Wartime advances in new bonding techniques had made plywood reliable even when constantly immersed in sea water. Using mahogany frames and the new marine plywood laminated with resorcinol glues, Rayner marked his return to the sea by building a 20 foot hard chine bilge keel gunter rigged sloop.

The Westcoaster was designed initially for a customer wishing to navigate the difficult waters and scarce harbours of the Bristol Channel. It had "sitting head room for tall men" - rare in yachts so small. The reverse sheer needed for such generous accommodation was camouflaged by carrying the decks out to the sides of the boat as he had with Robinetta 20 years earlier. Similarly all the Westcoaster's running rigging came back to the cockpit making her easy to handle single-handed.

Around 60 Westcoasters were built. No 48, at least, survives and as of summer 2014 is being restored to sail. No 60 'Tricia II' was the subject of a Yachting Monthly article in the 1990s and was for sale on eBay in 2013. Sandpiper was seen on the Norfolk Broads in 2006.

Corvette - 1961

The Corvette was Rayner's attempt to build a plywood boat without a hard chine. Although he solved the problem of bending a marine-ply shell in two dimensions, the construction costs were too high to merit production. This focused Rayner's attention on the emerging technology of glass-reinforced plastic (GRP), leading directly to the founding of Westerly Marine.

A 5 ton sloop, the Corvette had hydrofoil sectioned twin keels, flat on the outside and curved on the inside and very slightly toed in. When heeled, the flow over the leeward keel created lift to resist leeway.

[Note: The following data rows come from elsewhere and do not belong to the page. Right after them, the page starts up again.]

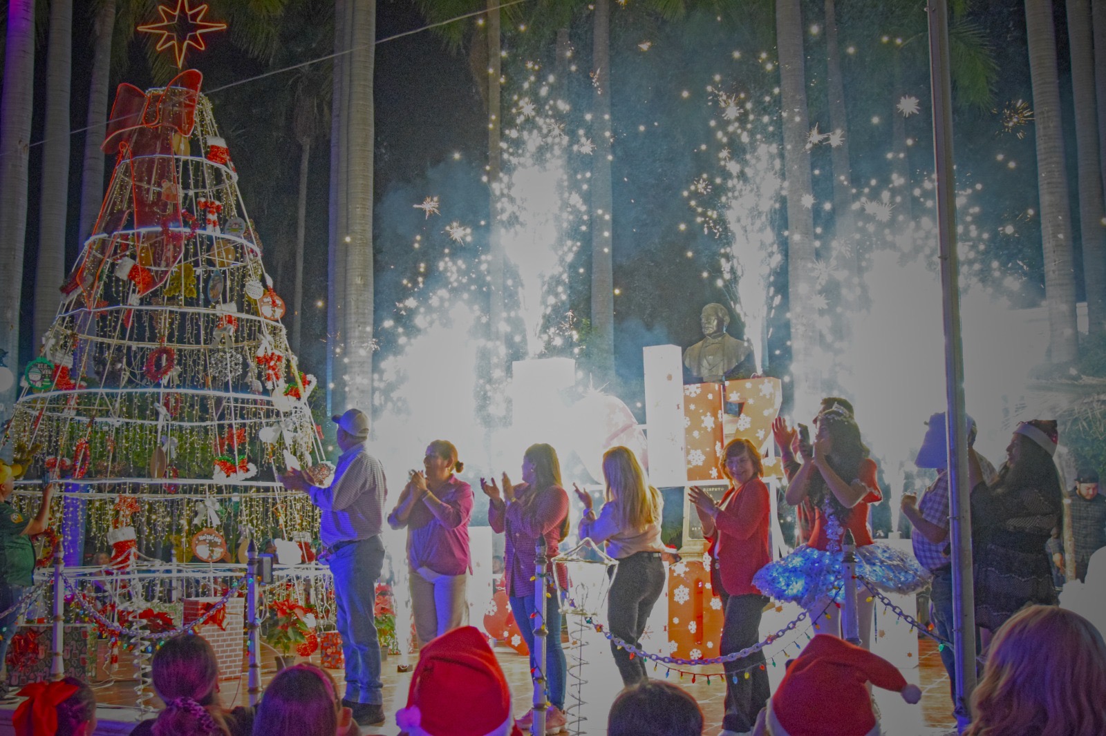 El Fuerte, Sinaloa, a 08 de diciembre del 2023.-El Pueblo Mágico de El Fuerte se sumerge en el espíritu navideño con el tradicional encendido del pino de Navidad. El evento contó con la participación entusiasta de niñas y niños de preescolar, quienes desfilaron con alegría y trajes coloridos, esparciendo la magia de la temporada.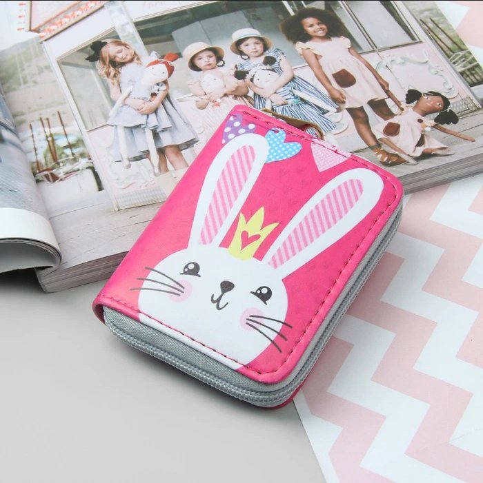 Портмонето е изработено от изкуствена кожа с цветен принт.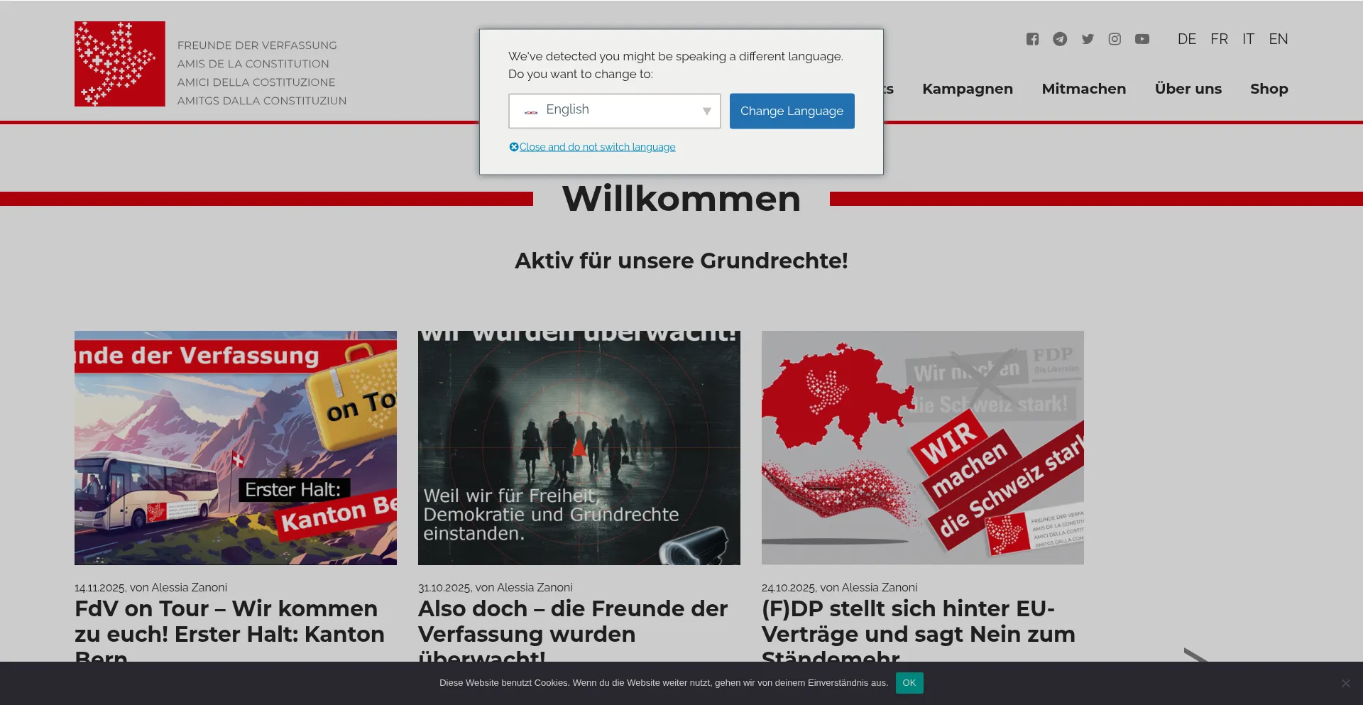 网站上存在社交媒体链接表明 verfassungsfreunde.ch 在社交媒体上维护官方账户,这是可信度和参与度的积极信号。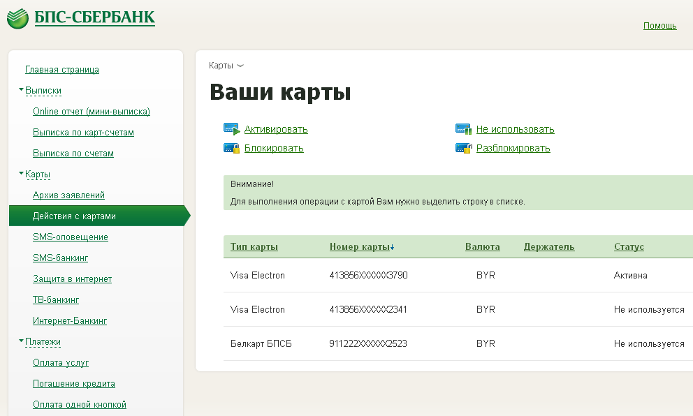 - Вариант первый – начальные регистрационные данные можно получить в виде СМС-сообщений на привязанный к карте мобильный номер;

Two Corvettes were built. One was Jack Hargreaves' Danica. In 1962 Simon Baddeley and Chris Jameson took her from Lymington through France by river and canal and on through the Mediterranean to Athens, returning via the Bay of Biscay where she successfully weathered F10 gale force winds.

In 2011 a boat claiming to be a Rayner designed Corvette was sold on Ebay.